De Su Wen, het klassieke werk van de Gele Keizer, is het belangrijkste boek van de Traditionele Chinese Geneeskunde en is vermoedelijk omstreeks 1000 v. Chr. ontstaan. In het boek praten de Gele Keizer, een mythische figuur die van 2697 tot 2597 v.Chr. zou hebben geleefd, en zijn minister Qi Bo over belangrijke zaken van leven en geneeskunde. Aan hem, de Gele Keizer, wordt het uitvinden van de acupunctuur en de Chinese schrifttekens toegeschreven. Het is ook nu nog het boek, dat bij praktisch elke gelegenheid wordt aangehaald ; het is een soort ‘bijbel van de TCG’

Qi en Meridianen

De gedachte is dat uit het Tao (het oneindige, het vormeloze) Qi ontstaat. En uit Qi ontstaan dan de tegengestelde krachten, Yin en Yang, Door de interactie van het Yin en Yang ontstaan de, zoals de Chinezen het noemen, “10.000 dingen” ofwel de materiële werkelijkheid (de onmetelijke schepping).

Je kunt twee belangrijke aspecten van Qi onderscheiden:
Ten eerste is Qi een energie die zich tegelijkertijd op fysiek en spiritueel niveau manifesteert.
Ten tweede is Qi een constante stroom van wisselende zijnstoestanden. Als Qi condenseert wordt de energie getransformeerd en wordt het omgezet naar materie en als Qi weer oplost wordt het getransformeerd naar etherisch/spiritueel niveau. Het Qi verandert afhankelijk van plaats en functie. Meridianen zijn de kanalen of paden waarlangs Qi en bloed door het lichaam kunnen worden gestuurd. Qi en bloed zijn door middel van de meridianen in staat tot stromen en daardoor voedsel en kracht met zich mee te dragen.

Vanwege het feit dat de meridianen alle delen van het lichaam met elkaar verbinden, spelen ze een essentiele rol bij het behoud van een harmonisch evenwicht.

Yin en Yang

Yin en Yang maken inzicht mogelijk in de wisselwerking in zowel het universum (macrokosmos) als in elk afzonderlijk organisme (microkosmos). Yang als ‘mannelijk’ beginsel belichaamt energie, activiteit en hitte. Bij Yang worden ingedeeld: de holle organen, de bovenste lichaamshelft, de achterkant van het lichaam, de zon, de hemel en nog veel meer.
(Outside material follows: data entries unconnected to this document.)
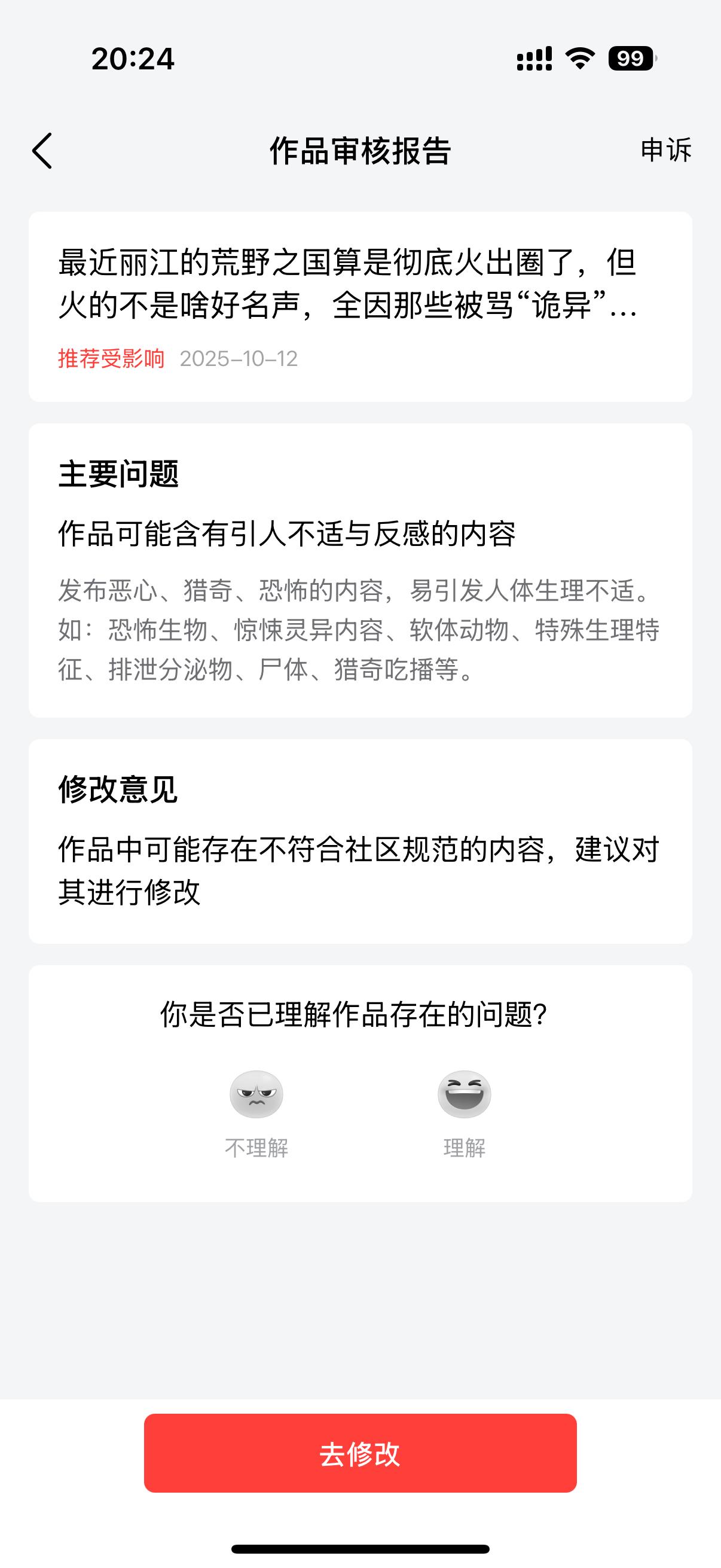 头条又提示我了 说我的作品推荐受影响 作品可能含有引人不适与反感的内容 申诉了不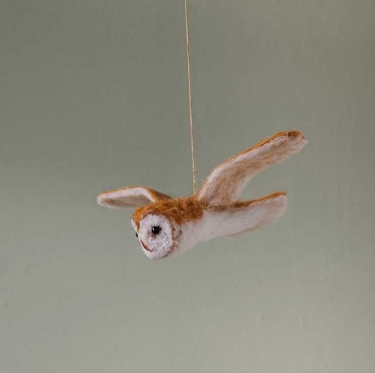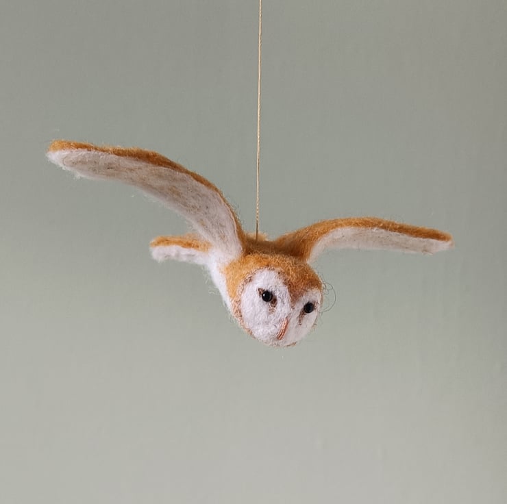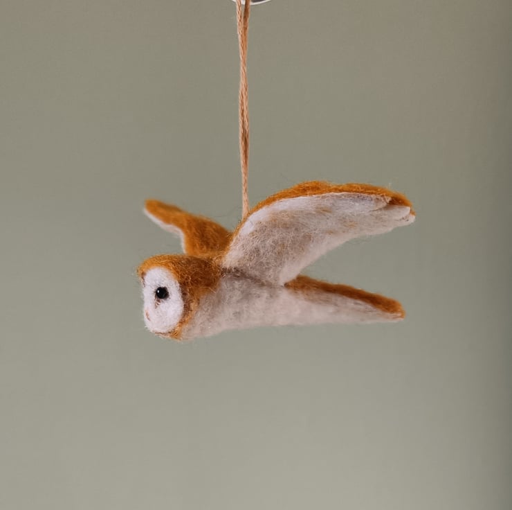 The tawny and barn owl decorations have been carefully felted using a blend of coloured felting wool. Each is finished with black glass eyes that add a lifelike sparkle, and their beak has been carefully sewn with embroidery thread.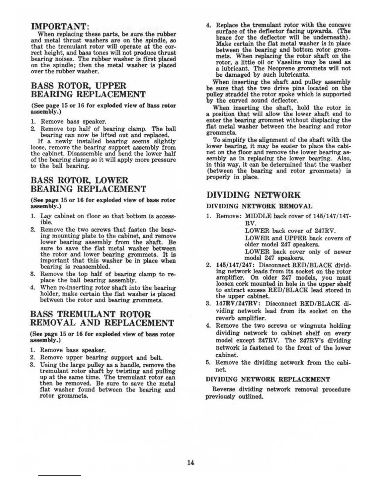 Leslie 145 - Bass Rotor, Upper Bearing Replacement; Bass Rotor, Lower Bearing Replacement; Bass Tremulant Rotor Removal and Replacement; Dividing Network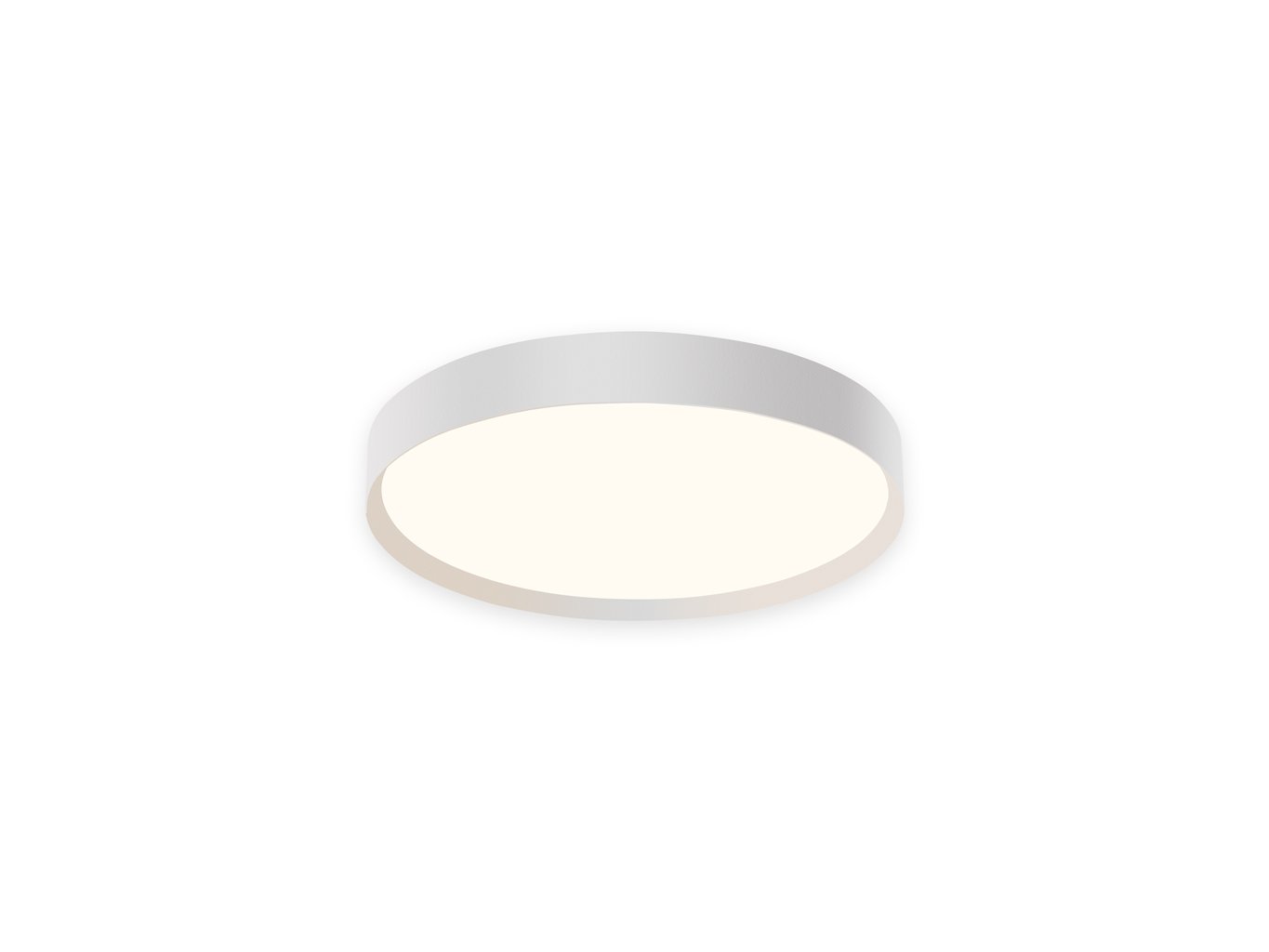 Kruhové svítidlo s průměrem 600 mm je vyrobeno z kovu v bílé barvě (RAL 9003) a je doplněno opálovým difuzorem z PMMA. Minimalistický tvar a čisté linie podporují univerzální využití v moderních interiérech, kde je kladen důraz na funkčnost a vizuální čistotu.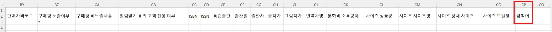 엑셀 폼 다운로드 시 마지막 열에는 “금칙어”항목이 추가됩니다. 사이트에 상품 엑셀 등록 시에는 금칙어 열을 삭제하고 등록 바랍니다.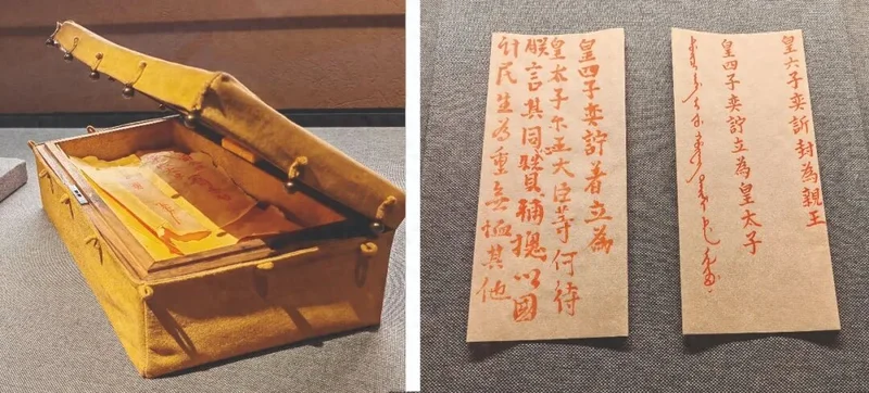 秘密立储匣一般只装有一份立储谕旨,而“道光帝秘密立储谕旨并匣”内却藏有道光二十六年(1846年)亲笔所写遗诏两份。其中,一张书写:“皇四子奕詝着立为皇太子……同心赞辅总以国计民生为重无恤其他。”另一张为满汉双语遗诏:“皇四子奕詝立为皇太子”,同时又用汉文书写:“皇六子奕訢封为亲王”。两份遗诏足以窥见道光帝立储时的艰难抉择。

Tot Yin behoren het ‘vrouwelijk’ beginsel, materie, rust, koude, de substantiële organen, de onderste lichaamshelft, de voorkant van het lichaam, de maan, de aarde, en andere dingen.
Yin en Yang zijn elkaars tegenpolen die bijelkaar horen, onlosmakelijk met elkaar verbonden zijn, in elkaar overgaan en elkaar beïnvloeden. Dit alles in een continu proces, het staat nooit stil. Het zijn deze tegengestelde krachten die leven in het universum mogelijk maken.
Als we naar de organen kijken dan zijn de Yin organen, de organen die belangrijke stoffen opslaan. De Chinezen zeggen dan dat ze “zuivere essentie” opslaan.

De vijf-elementenleer

De vijf-elementenleer vertegenwoordigt nog een fundamenteel concept met behulp waarvan ziekteprocessen kunnen worden begrepen en beschreven. Het samenspel van de organen vindt niet toevallig plaats, maar volgt wetmatige cycli. Op grond van waarneming van de natuur vertaalden de Chinezen regels uit de macrokosmos naar de mens. De Traditionele Chinese Geneeskunde kent de elementen hout, vuur, aarde, metaal en water. Het ene element brengt het volgende voort, het volgende element verbruikt het voorafgaande(moeder-kindregel). Het element dat volgt vormt steeds een belangrijk reguleringsmechanisme.

Ziektes kunnen aan de hand van symptomen ingedeeld worden bij de veranderingsfasen. Achterliggende energetische onevenwichtigheden moeten worden herkend, zodat de onderliggende problematiek aangepakt wordt zodat behandeling blijvend succes zal hebben.